Wally Pesuit

No. 71, 65, 67
- Positions: Guard, center, tackle, defensive end

Personal information
- Born: March 4, 1954 (age 72) Steubenville, Ohio, U.S.
- Listed height: 6 ft 4 in (1.93 m)
- Listed weight: 252 lb (114 kg)

Career information
- College: Kentucky
- NFL draft: 1976: 5th round, 151st overall pick

Career history
- Dallas Cowboys (1976)*; Atlanta Falcons (1976); Miami Dolphins (1976-1978); Detroit Lions (1979–1980); Chicago Blitz (USFL) (1983); Jacksonville Bulls (USFL) (1984);
- * Offseason or practice squad member only

Career NFL statistics
- Games played: 48
- Games started: 5
- Stats at Pro Football Reference

= Wally Pesuit =

American football player (born 1954)

Walter George Pesuit (/pɛˈsut/ peh-SOOT; born March 4, 1954) is an American former professional football player who was an offensive and defensive lineman in the National Football League (NFL) for the Atlanta Falcons, Miami Dolphins and Detroit Lions. He played college football for the Kentucky Wildcats.

==Early life==
Pesuit attended Wintersville High School, where he was an All-state offensive tackle, a wrestling and weight-lifter champion in the Ohio Valley Conference. He also practiced the discus throw and the shot put.

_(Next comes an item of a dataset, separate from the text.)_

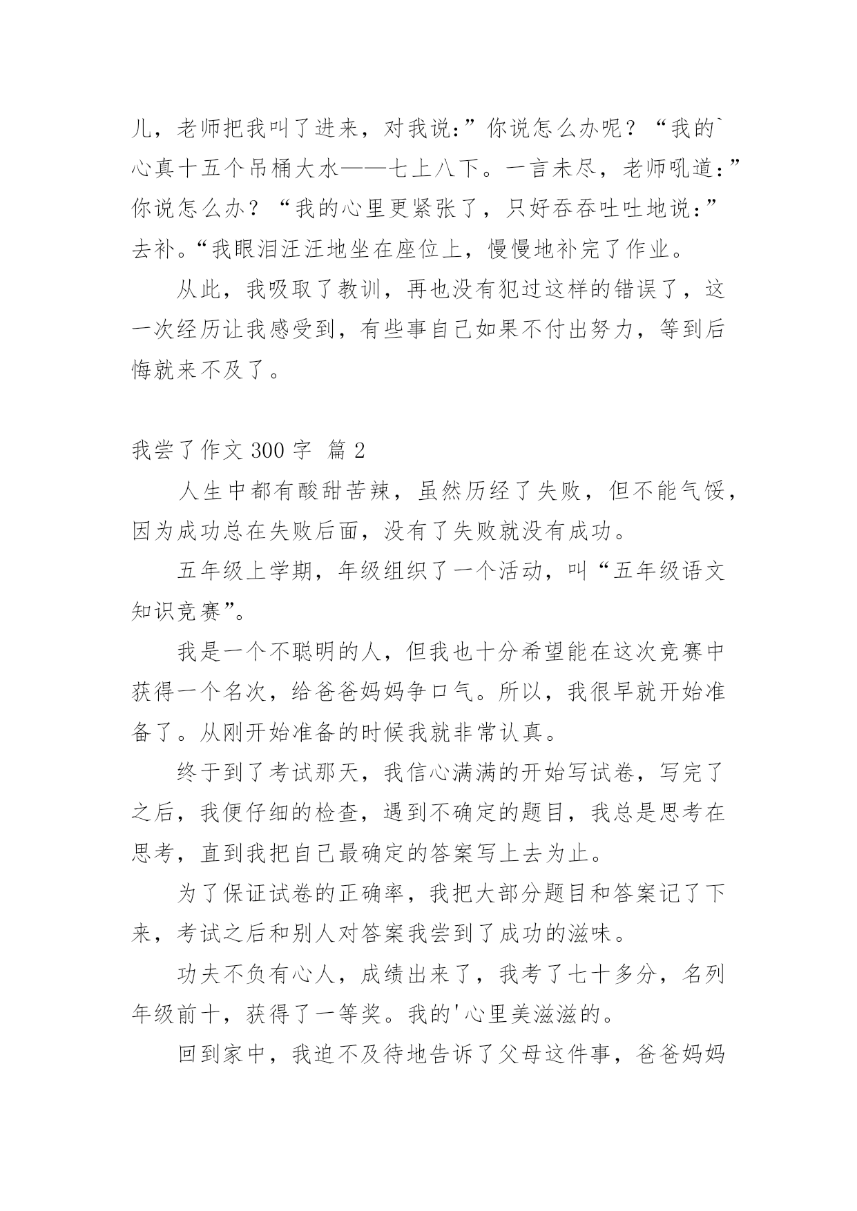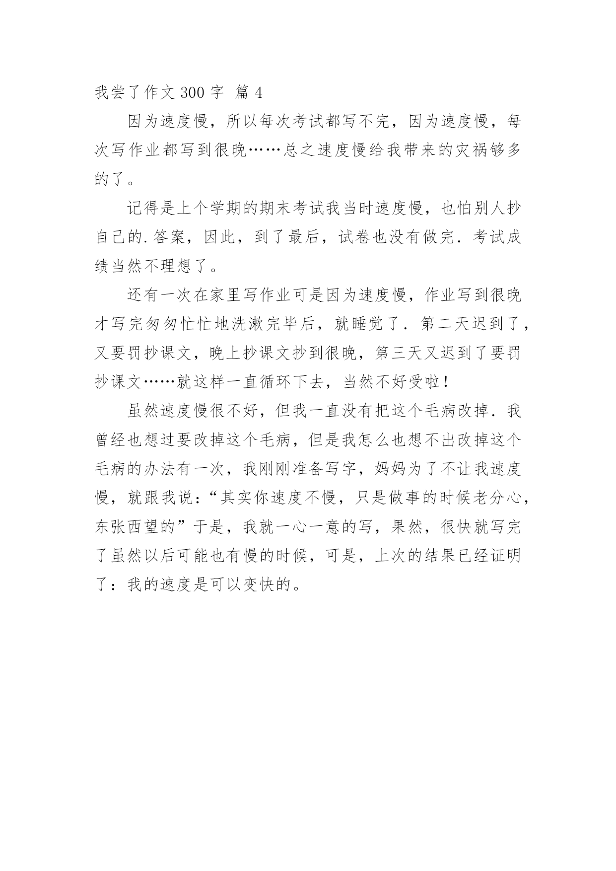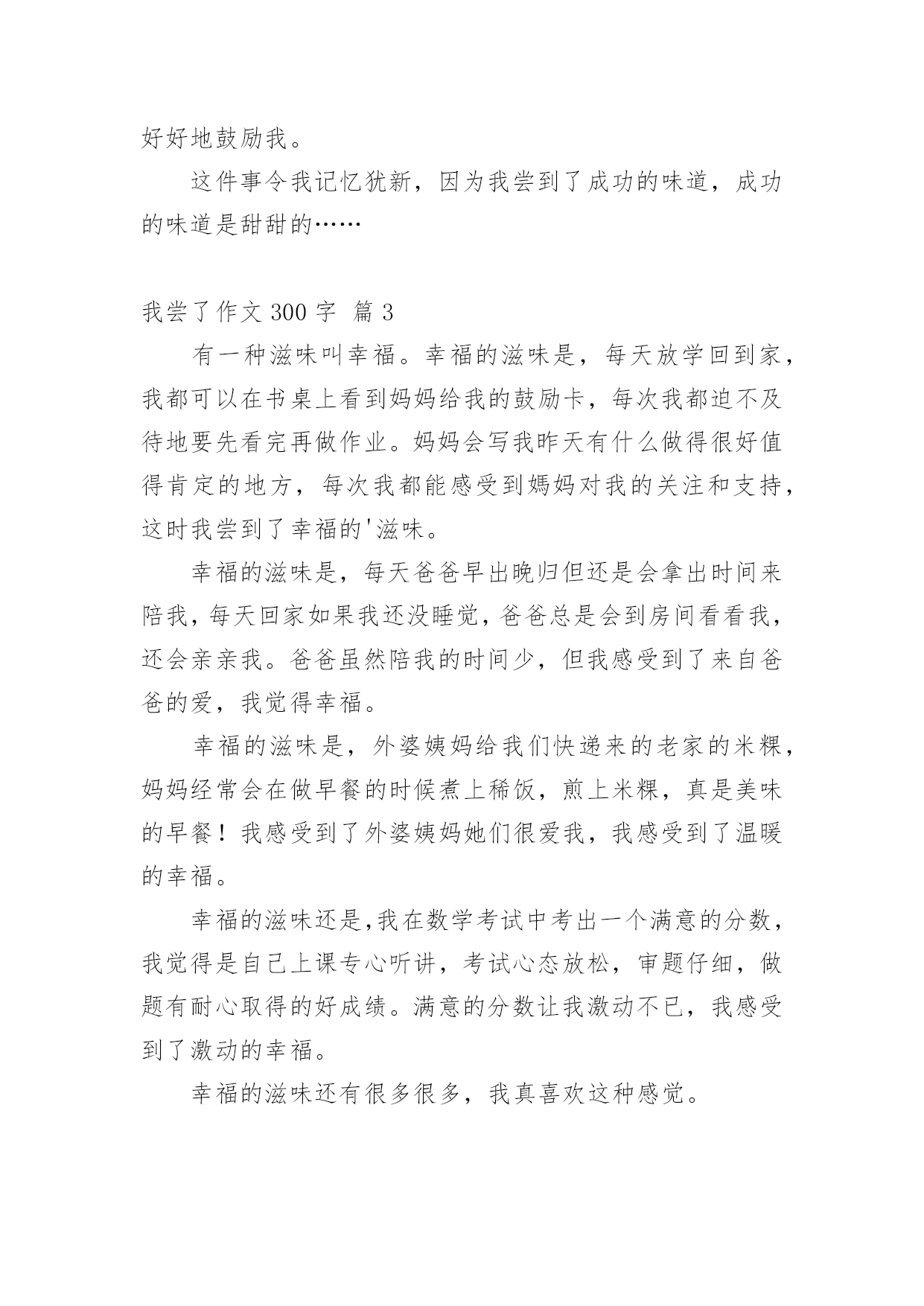 我尝了作文300字 精选我尝了作文300字四篇在我们平凡的日常里,许多人都有过写作文的经历,对作文都不陌生吧,写作文是培养人们的观察力、联想力、想象力、思考力和记忆力的重要手段。那么,怎么去写作文呢?以下是小编收集整理的我尝了作文300字4篇,仅供参考,希望能够帮助到大家。我尝了作文300字篇1在学习中,我们要有良好的状态,这样才能迎接每个挑战,而我总是贪玩,一下课就出去玩了,因此,终有一次,我尝到了后悔的滋味。有一次,我在家做回家作业,做完后,立即装进了书包。第二天,我把作文交了上去。发现数学老师对着我的作业本皱了皱眉头,我只当无所谓。第二天晚上,我心里总是有份不安。第三题,我起得很早,背上书包,背向学校。刚走入班级,数学老师就把我拉到办公室,问我:“怎么空了一页没做呢?”我一看,支支吾吾地说:“我,我不知道。“老师再一次疑问地说:”这可是昨天我布置的作业,就两页,你怎么可能不知道呢?“我的眼睛渐渐湿润了,老师罚我在走廊好好想想该怎么办。这时的我已经说不出话了,我的内心十分紧张,不知道怎么回答老师对我说的问题。过了好一会儿,老师把我叫了进来,对我说:”你说怎么办呢?“我的`心真十五个吊桶大水——七上八下。一言未尽,老师吼道:”你说怎么办?“我的心里更紧张了,只好吞吞吐吐地说:”去补。“我眼泪汪汪地坐在座位上,慢慢地补完了作业。从此,我吸取了教训,再也没有犯过这样的错误了,这一次经历让我感受到,有些事自己如果不付出努力,等到后悔就来不及了。我尝了作文300字篇2人生中都有酸甜苦辣,虽然历经了失败,但不能气馁,因为成功总在失败后面,没有了失败就没有成功。五年级上学期,年级组织了一个活动,叫“五年级语文知识竞赛”。我是一个不聪明的人,但我也十分希望能在这次竞赛中获得一个名次,给爸爸妈妈争口气。所以,我很早就开始准备了。从刚开始准备的时候我就非常认真。终于到了考试那天,我信心满满的开始写试卷,写完了之后,我便仔细的检查,遇到不确定的题目,我总是思考在思考,直到我把自己最确定的答案写上去为止。为了保证试卷的正确率,我把大部分题目和答案记了下来,考试之后和别人对答案我尝到了成功的滋味。功夫不负有心人,成绩出来了,我考了七十多分,名列年级前十,获得了一等奖。我的'心里美滋滋的。回到家中,我迫不及待地告诉了父母这件事,爸爸妈妈好好地鼓励我。这件事令我记忆犹新,因为我尝到了成功的味道,成功的味道是甜甜的……我尝了作文300字篇3有一种滋味叫幸福。幸福的滋味是,每天放学回到家,我都可以在书桌上看到妈妈给我的鼓励卡,每次我都迫不及待地要先看完再做作业。妈妈会写我昨天有什么做得很好值得肯定的地方,每次我都能感受到媽妈对我的关注和支持,这时我尝到了幸福的'滋味。幸福的滋味是,每天爸爸早出晚归但还是会拿出时间来陪我,每天回家如果我还没睡觉,爸爸总是会到房间看看我,还会亲亲我。爸爸虽然陪我的时间少,但我感受到了来自爸爸的爱,我觉得幸福。幸福的滋味是,外婆姨妈给我们快递来的老家的米粿,妈妈经常会在做早餐的时候煮上稀饭,煎上米粿,真是美味的早餐!我感受到了外婆姨妈她们很爱我,我感受到了温暖的幸福。幸福的滋味还是,我在数学考试中考出一个满意的分数,我觉得是自己上课专心听讲,考试心态放松,审题仔细,做题有耐心取得的好成绩。满意的分数让我激动不已,我感受到了激动的幸福。幸福的滋味还有很多很多,我真喜欢这种感觉。我尝了作文300字篇4因为速度慢,所以每次考试都写不完,因为速度慢,每次写作业都写到很晚……总之速度慢给我带来的灾祸够多的了。记得是上个学期的期末考试我当时速度慢,也怕别人抄自己的.答案,因此,到了最后,试卷也没有做完.考试成绩当然不理想了。还有一次在家里写作业可是因为速度慢,作业写到很晚才写完匆匆忙忙地洗漱完毕后,就睡觉了.第二天迟到了,又要罚抄课文,晚上抄课文抄到很晚,第三天又迟到了要罚抄课文……就这样一直循环下去,当然不好受啦!虽然速度慢很不好,但我一直没有把这个毛病改掉.我曾经也想过要改掉这个毛病,但是我怎么也想不出改掉这个毛病的办法有一次,我刚刚准备写字,妈妈为了不让我速度慢,就跟我说:“其实你速度不慢,只是做事的时候老分心,东张西望的”于是,我就一心一意的写,果然,很快就写完了虽然以后可能也有慢的时候,可是,上次的结果已经证明了:我的速度是可以变快的。

He accepted a football scholarship from the University of Kentucky. He was named a starter at offensive guard as a sophomore. He was named the starter at left tackle as a junior. He was co-captain and the starting left tackle as a senior.

==Professional career==

===Dallas Cowboys===
Pesuit was selected by the Dallas Cowboys in the fifth round (151st overall) of the 1976 NFL draft, with the intention of playing him at the defensive line. He was waived on August 23.

=== Atlanta Falcons ===
He was claimed off waivers by the Atlanta Falcons who used him at defensive end. On November 3, 1976, he was released after one game to make room for linebacker Jim Cope.

===Miami Dolphins===
On December 6, 1976, he was signed by the Miami Dolphins. He was a backup who played different positions along the offensive line. He was cut on August 21, 1979.

===Detroit Lions===
Pesuit was claimed off waivers by the Detroit Lions to replace Larry Tearry who abruptly left the team. That season, he started 5 games at center. He was released on August 26, 1980. He was later re-signed during the season and released on November 6, to make room for Rod Walters.

===Chicago Blitz===
In 1983, he signed with the Chicago Blitz of the United States Football League.

===Jacksonville Bulls===
The Jacksonville Bulls selected him from the Chicago Blitz roster in the 1983 USFL Expansion Draft. In 1984, Pesuit played all 18 games as the Bulls' long snapper and a reserve offensive lineman.

==Personal life==
His father Walter V., played for the Cleveland Rams in the National Football League as a 5-8 halfback in 1938.